■ **Exercise details**:
An exact copy of every record below is needed, with the pictures left out.

Records from a data collection:
◇ ◇ ◇ ◇ ◇

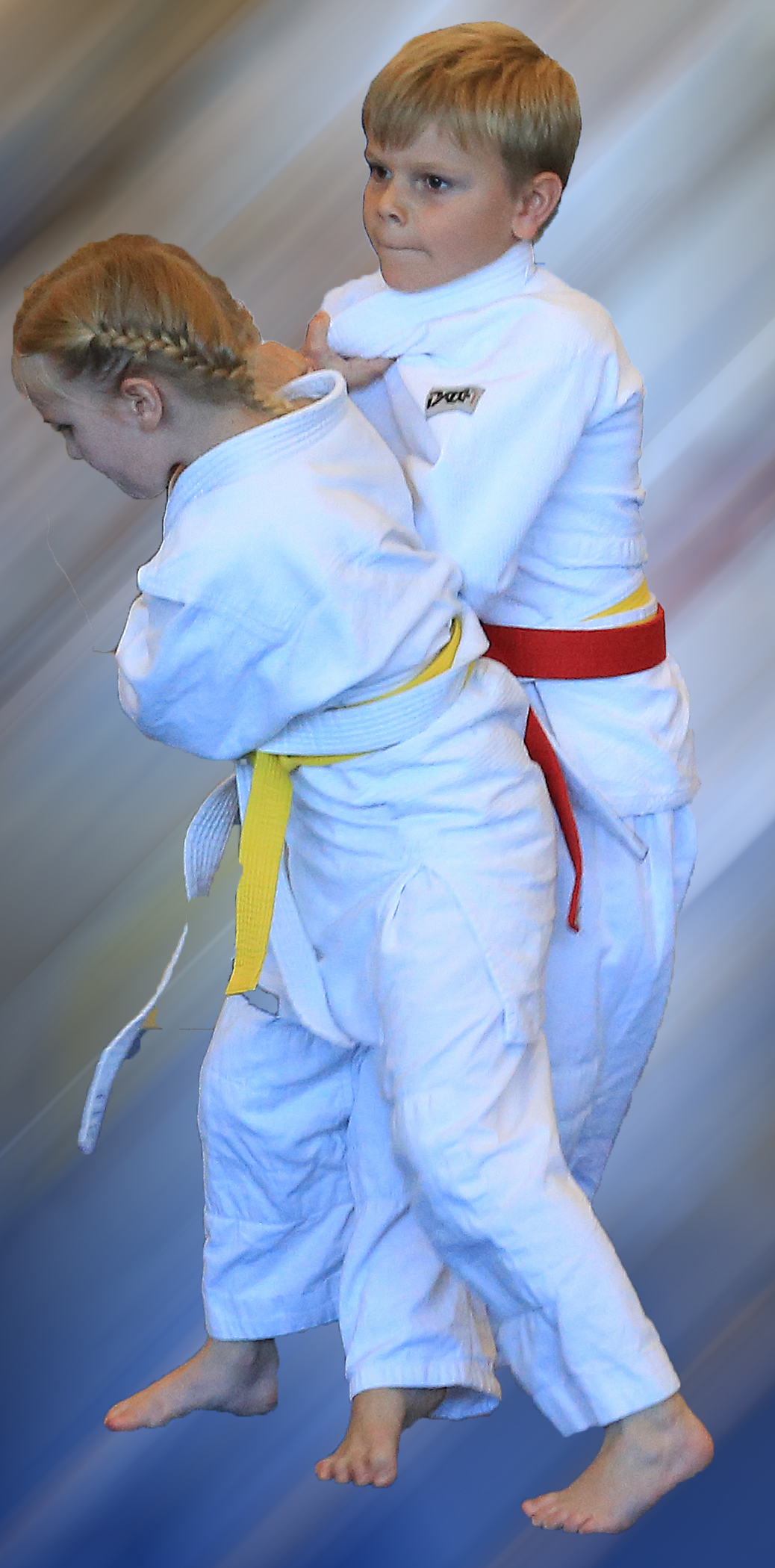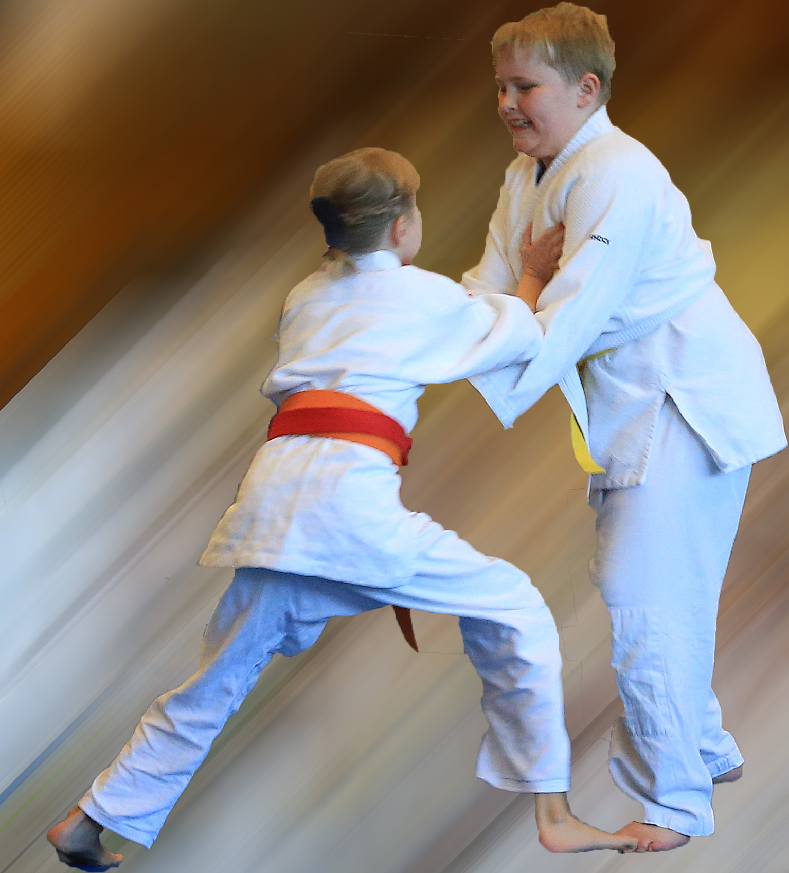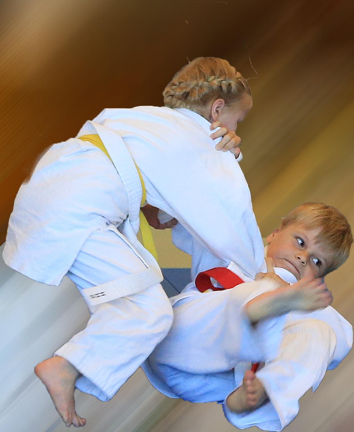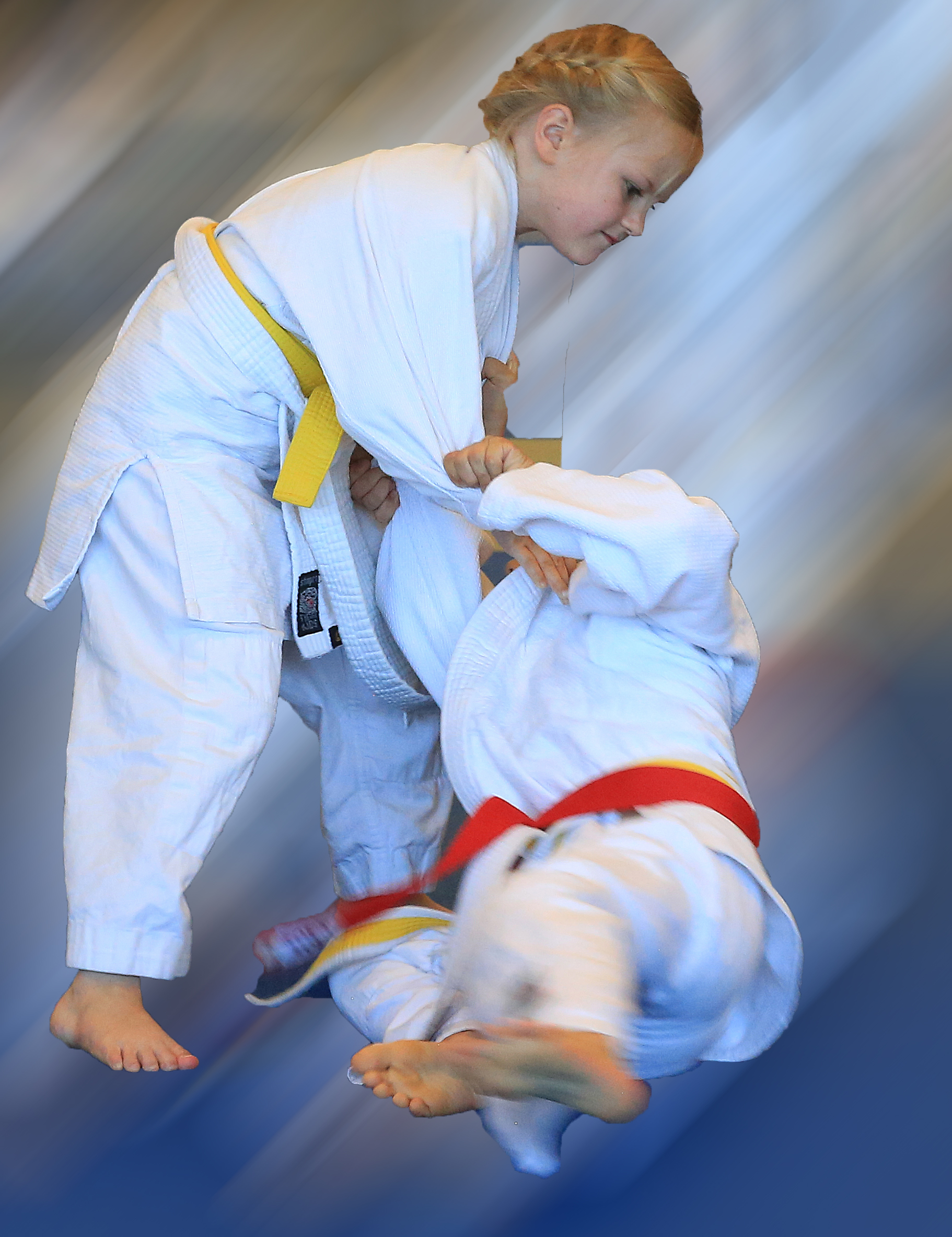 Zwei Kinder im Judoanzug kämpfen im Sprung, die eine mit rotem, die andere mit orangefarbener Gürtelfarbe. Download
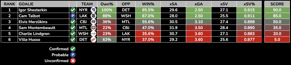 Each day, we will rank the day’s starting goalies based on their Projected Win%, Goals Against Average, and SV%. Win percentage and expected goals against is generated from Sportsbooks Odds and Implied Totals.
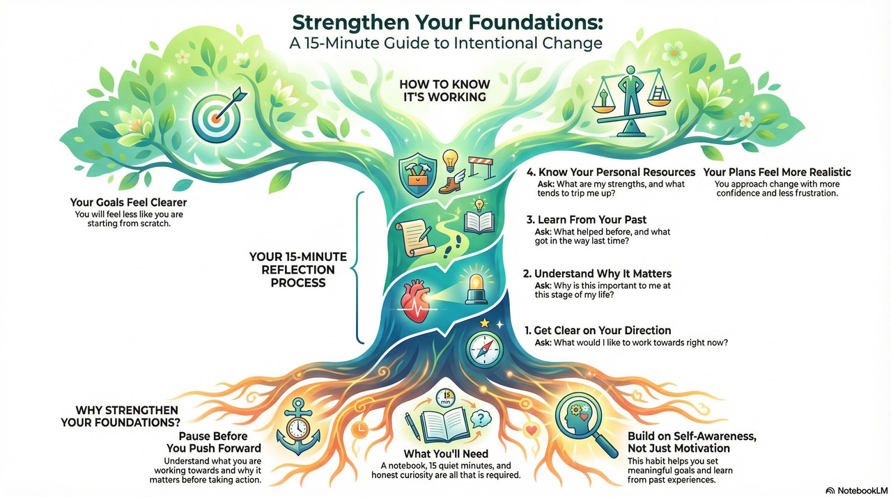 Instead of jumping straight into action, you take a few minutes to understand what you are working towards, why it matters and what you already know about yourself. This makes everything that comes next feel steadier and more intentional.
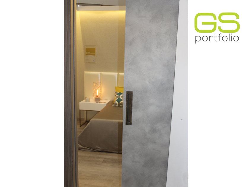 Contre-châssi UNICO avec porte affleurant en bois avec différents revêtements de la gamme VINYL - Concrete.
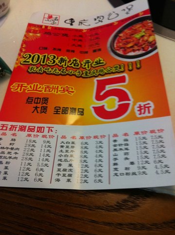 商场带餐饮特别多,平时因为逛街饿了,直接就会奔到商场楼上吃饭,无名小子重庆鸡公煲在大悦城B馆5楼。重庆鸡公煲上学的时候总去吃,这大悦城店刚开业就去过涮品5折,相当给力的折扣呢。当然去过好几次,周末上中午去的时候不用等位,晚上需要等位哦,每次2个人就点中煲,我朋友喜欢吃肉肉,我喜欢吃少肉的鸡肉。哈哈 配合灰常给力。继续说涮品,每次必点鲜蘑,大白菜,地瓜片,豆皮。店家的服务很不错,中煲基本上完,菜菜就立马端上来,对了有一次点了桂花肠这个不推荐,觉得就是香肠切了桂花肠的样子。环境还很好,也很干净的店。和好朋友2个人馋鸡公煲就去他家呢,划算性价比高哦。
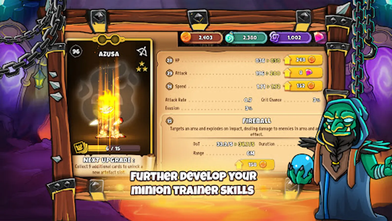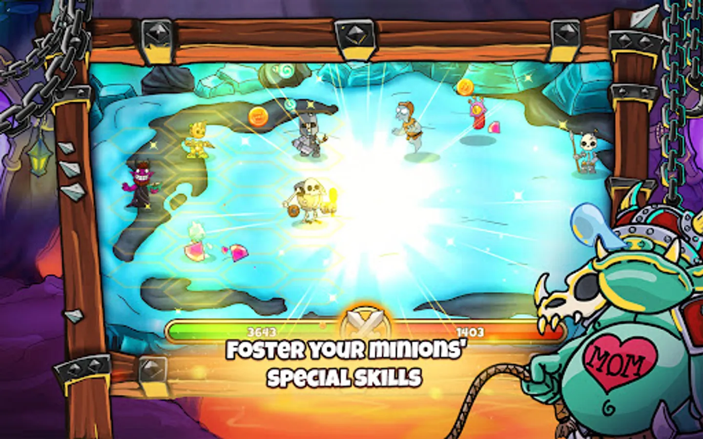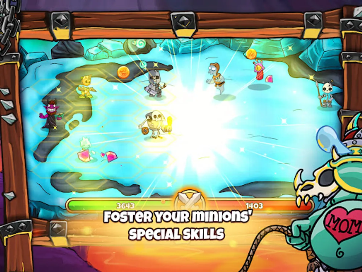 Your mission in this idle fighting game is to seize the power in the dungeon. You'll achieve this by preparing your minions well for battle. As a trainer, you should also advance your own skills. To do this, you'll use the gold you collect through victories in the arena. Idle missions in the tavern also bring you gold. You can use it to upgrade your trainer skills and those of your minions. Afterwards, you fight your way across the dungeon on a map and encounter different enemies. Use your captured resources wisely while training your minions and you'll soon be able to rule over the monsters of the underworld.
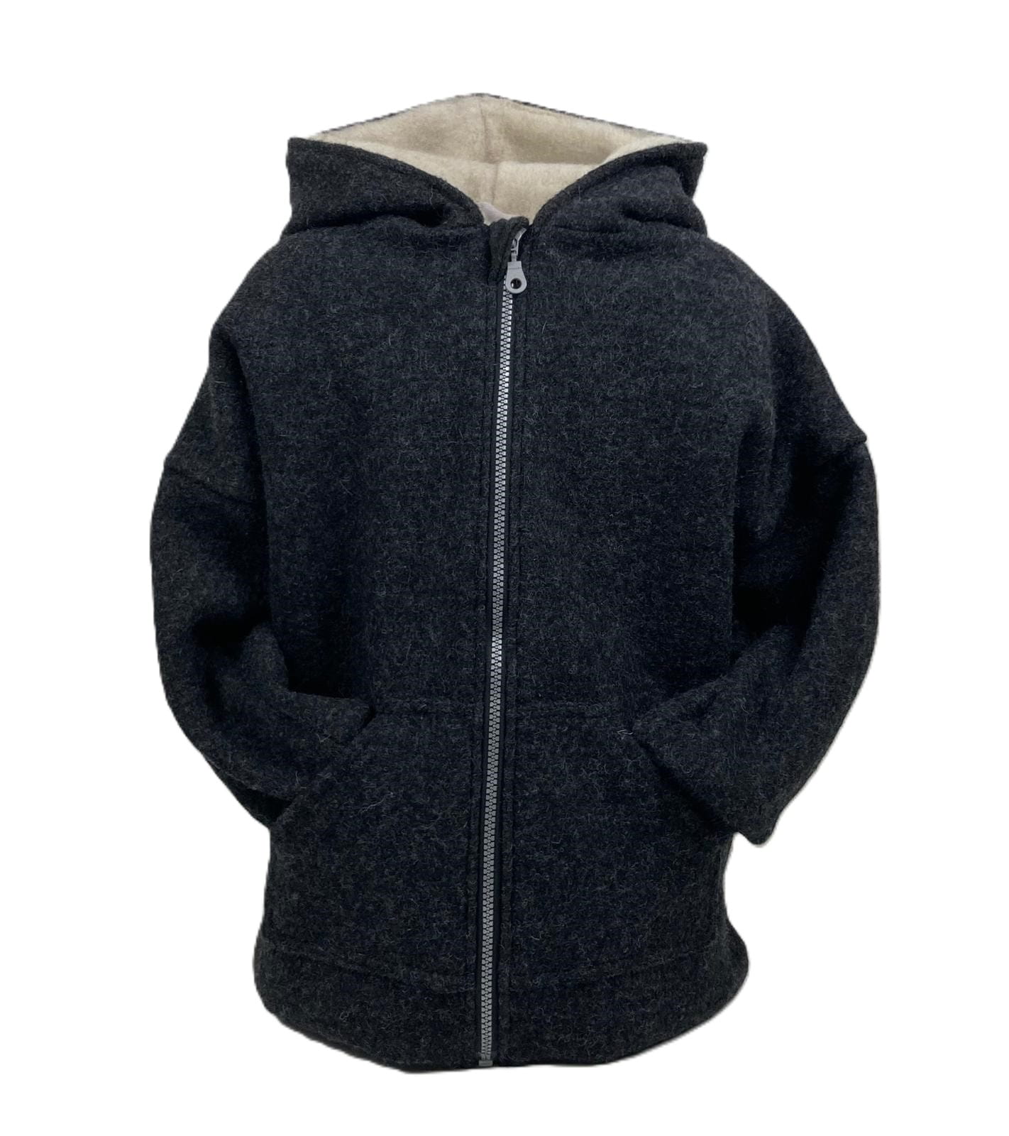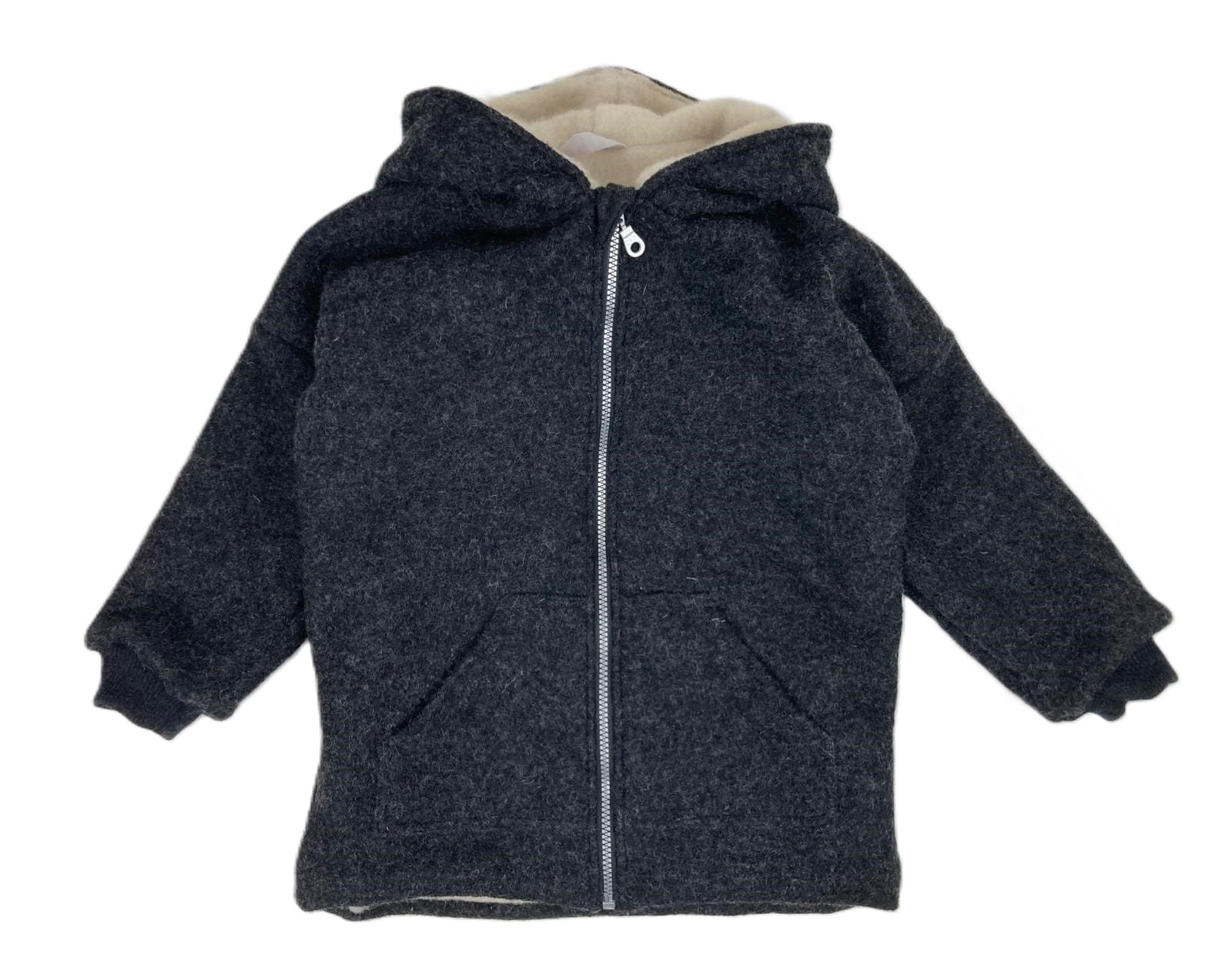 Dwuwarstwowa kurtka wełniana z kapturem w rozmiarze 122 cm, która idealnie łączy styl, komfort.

◇ ◇ ◇ ◇ ◇

■ **Response below**:
 Zwei Kinder im Judoanzug kämpfen im Sprung, die eine mit rotem, die andere mit orangefarbener Gürtelfarbe. Download
 Each day, we will rank the day’s starting goalies based on their Projected Win%, Goals Against Average, and SV%. Win percentage and expected goals against is generated from Sportsbooks Odds and Implied Totals.
 Instead of jumping straight into action, you take a few minutes to understand what you are working towards, why it matters and what you already know about yourself. This makes everything that comes next feel steadier and more intentional.
 Contre-châssi UNICO avec porte affleurant en bois avec différents revêtements de la gamme VINYL - Concrete.
 商场带餐饮特别多,平时因为逛街饿了,直接就会奔到商场楼上吃饭,无名小子重庆鸡公煲在大悦城B馆5楼。重庆鸡公煲上学的时候总去吃,这大悦城店刚开业就去过涮品5折,相当给力的折扣呢。当然去过好几次,周末上中午去的时候不用等位,晚上需要等位哦,每次2个人就点中煲,我朋友喜欢吃肉肉,我喜欢吃少肉的鸡肉。哈哈 配合灰常给力。继续说涮品,每次必点鲜蘑,大白菜,地瓜片,豆皮。店家的服务很不错,中煲基本上完,菜菜就立马端上来,对了有一次点了桂花肠这个不推荐,觉得就是香肠切了桂花肠的样子。环境还很好,也很干净的店。和好朋友2个人馋鸡公煲就去他家呢,划算性价比高哦。
 Your mission in this idle fighting game is to seize the power in the dungeon. You'll achieve this by preparing your minions well for battle. As a trainer, you should also advance your own skills. To do this, you'll use the gold you collect through victories in the arena. Idle missions in the tavern also bring you gold. You can use it to upgrade your trainer skills and those of your minions. Afterwards, you fight your way across the dungeon on a map and encounter different enemies. Use your captured resources wisely while training your minions and you'll soon be able to rule over the monsters of the underworld.
 Dwuwarstwowa kurtka wełniana z kapturem w rozmiarze 122 cm, która idealnie łączy styl, komfort.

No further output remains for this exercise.